The Moviola allowed editors to study individual shots in their cutting rooms, thus to determine more precisely where the best cut-point might be. The vertically oriented Moviolas were the standard for film editing in the United States until the 1970s, when horizontal flatbed editor systems became more common.

Nevertheless, Moviolas continued to be used, albeit to a diminishing extent, into the 21st century. Michael Kahn received an Academy Award nomination for Best Film Editing in 2005 for his work on Steven Spielberg's Munich, which he edited with a Moviola, although by this time almost all editors had switched over to digital film editors (Kahn himself switched to digital editing for his later work).

==Recognition==
Mark Serrurier accepted an Academy Award of Merit (Oscar statue) for himself and his father for the Moviola in 1979.

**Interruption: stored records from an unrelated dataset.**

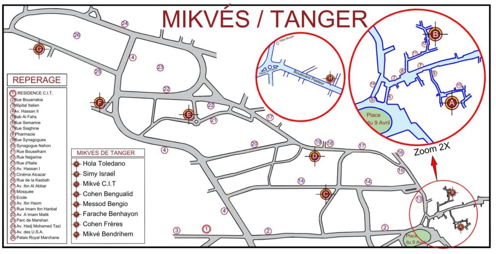 Ce projet de recherche, mené avec rigueur et passion par Mme Sonia Cohen Azagury et M. Omar Akassri, vise à faire revivre la mémoire de ces lieux emblématiques de la Communauté Israélite de Tanger (CIT). Aujourd’hui, seul le mikvé Bendrihem subsiste, mais Mme Sonia Cohen conserve le souvenir de huit autres établissements dont elle a pu localiser les emplacements. Ceux-ci sont désormais signalés sur le plan cartographique réalisé avec précision et clarté par M. Fouad Ammor, apportant une dimension visuelle précieuse à cette initiative patrimoniale.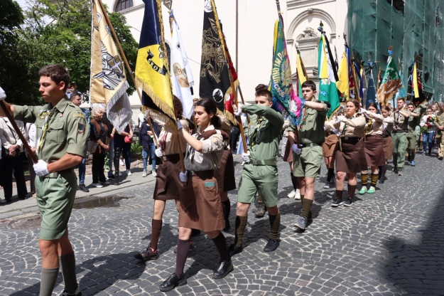 Пластуни в одностроях вимаршем провели друга "Курку" на "Вічну ватру", так українські скаути називають місце, куди відправляється душа пластуна після смерті.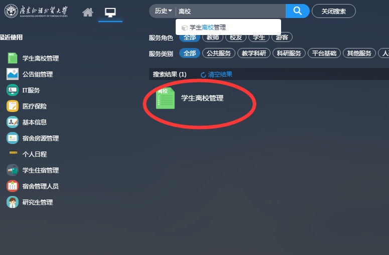 从搜索结果点击“学生离校管理”中进入离校系统。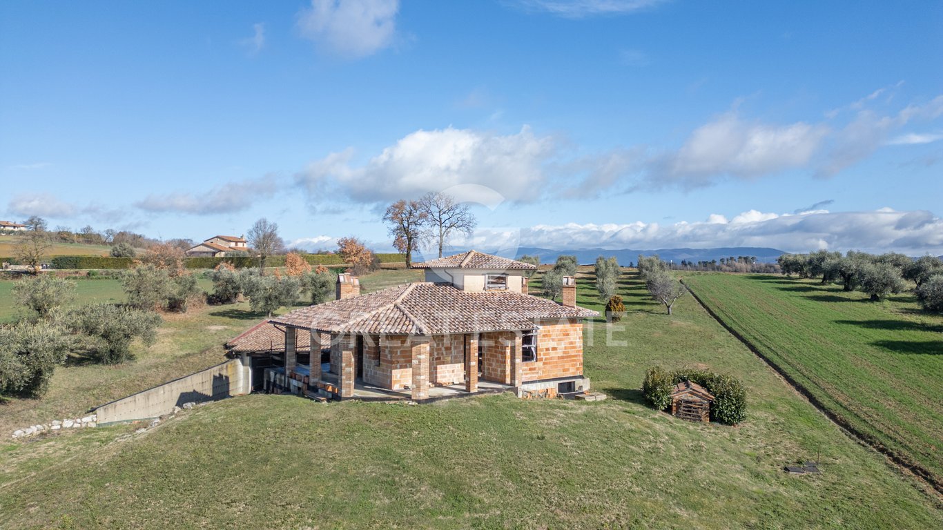 The farmhouse, currently in its unfinished shell state, is arranged over a ground floor and a waterproofed basement level, in addition to a splendid panoramic turret. The external portico, featuring wooden beams and extending along three sides of the property, allows for an expansion of the living area during the warmer seasons. Overall, the residence measures approximately 400 sq m: 180 sq m on the ground floor, including the portico, and 220 sq m in the basement level. The surrounding land,...

To MARK SERRURIER for the progressive development of the Moviola from the 1924 invention of his father, Iwan Serrurier, to the present Series 20 sophisticated film editing equipment.

There is a star on the Hollywood Walk of Fame for Mark Serrurier because of the Moviola's contribution to Motion Pictures.

In 2024, a documentary film written by and starring film editor Walter Murch called Her Name Was Moviola premiered at Sheffield DocFest. The film features Murch in a reconstruction of a Moviola cutting room, and he demonstrates editing using footage from Mr. Turner.